O'Toole G A, Trzebiatowski J R, Escalante-Semerena J C
Department of Bacteriology, University of Wisconsin, Madison 53706.
J Biol Chem. 1994 Oct 21;269(42):26503-11.
We report the identification of a new locus, designated cobC, involved in the assembly of the nucleotide loop of cobalamin in Salmonella typhimurium. The cobC gene has been mapped, cloned, and sequenced. DNA sequence analysis suggested that cobC is divergently transcribed from the adjacent cobD gene and suggests that the regulatory region of these genes overlap. The cobC gene codes for a predicted polypeptide of 26 kDa with striking homology to phosphoglycerate mutase, fructose-2,6-bisphosphatase, and acid phosphatase enzymes. In vitro experiments demonstrated that CobC dephosphorylated the cobalamin biosynthetic intermediate N1-(5-phospho-alpha-D-ribosyl)-5,6-dimethylbenzimidazole to generate N1-alpha-D-ribosyl-5,6-dimethylbenzimidazole. In vivo data showed that the lack of cobC function blocks the synthesis of cobalamin from its precursors cobinamide and 5,6-dimethylbenzimidazole, i.e. it prevents the assembly of the nucleotide loop of cobalamin. Additionally, exogenous N1-alpha-D-ribosyl-5,6-dimethylbenzimidazole rescues the defect of a cobC mutant. We propose that cobC codes for a novel phosphatase whose primary role is in cobalamin biosynthesis. A model for the sequence of biosynthetic steps that assemble the nucleotide loop of cobalamin in S. typhimurium is presented.

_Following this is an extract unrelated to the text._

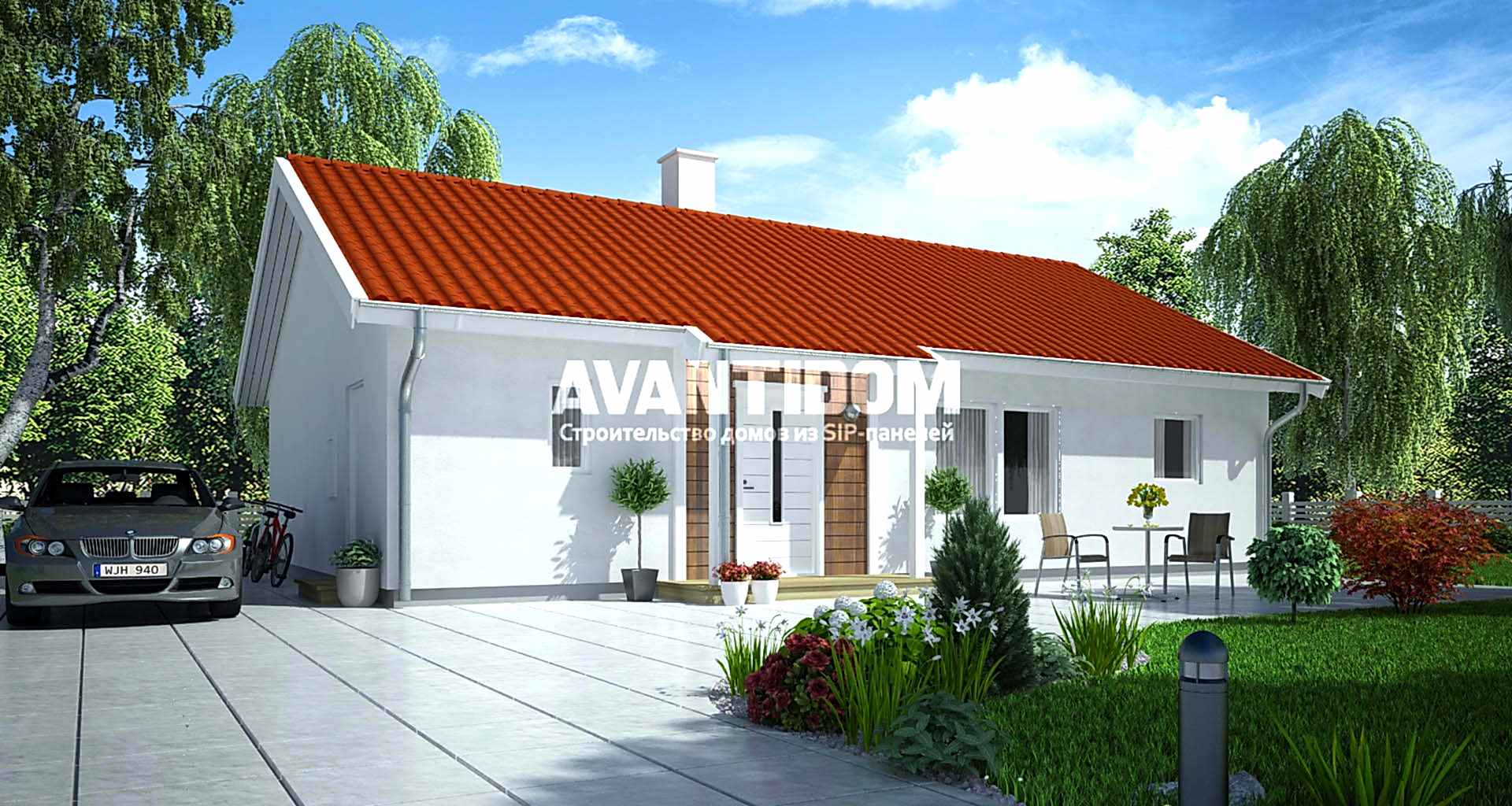 Архитектурное решение проекта компактного «PinUp» с требуемой площадью застройки 93,6 м2. При технических расчетах специалистами компании “Avantidom” закладывались характеристики объединяющие экономичность, простоту и практичность эксплуатирования дома в «PinUp» Конструкция имеет двухскатную конфигурацию утепленной кровельной системы. Внутридомовая компоновка проста и эргономична, расположение помещений призвано создать дополнительный комфорт.

我们报告了一个新基因座的鉴定,命名为cobC,它参与鼠伤寒沙门氏菌中钴胺素核苷酸环的组装。cobC基因已被定位、克隆和测序。DNA序列分析表明,cobC与相邻的cobD基因呈反向转录,且这些基因的调控区域存在重叠。cobC基因编码一个预测的26 kDa多肽,与磷酸甘油酸变位酶、果糖-2,6-二磷酸酶和酸性磷酸酶具有显著同源性。体外实验表明,CobC使钴胺素生物合成中间体N1-(5-磷酸-α-D-核糖基)-5,6-二甲基苯并咪唑去磷酸化,生成N1-α-D-核糖基-5,6-二甲基苯并咪唑。体内数据显示,cobC功能缺失会阻断钴胺素从前体物钴胺酰胺和5,6-二甲基苯并咪唑的合成,即它阻止了钴胺素核苷酸环的组装。此外,外源性N1-α-D-核糖基-5,6-二甲基苯并咪唑可挽救cobC突变体的缺陷。我们提出,cobC编码一种新型磷酸酶,其主要作用是参与钴胺素的生物合成。本文还提出了鼠伤寒沙门氏菌中组装钴胺素核苷酸环的生物合成步骤顺序模型。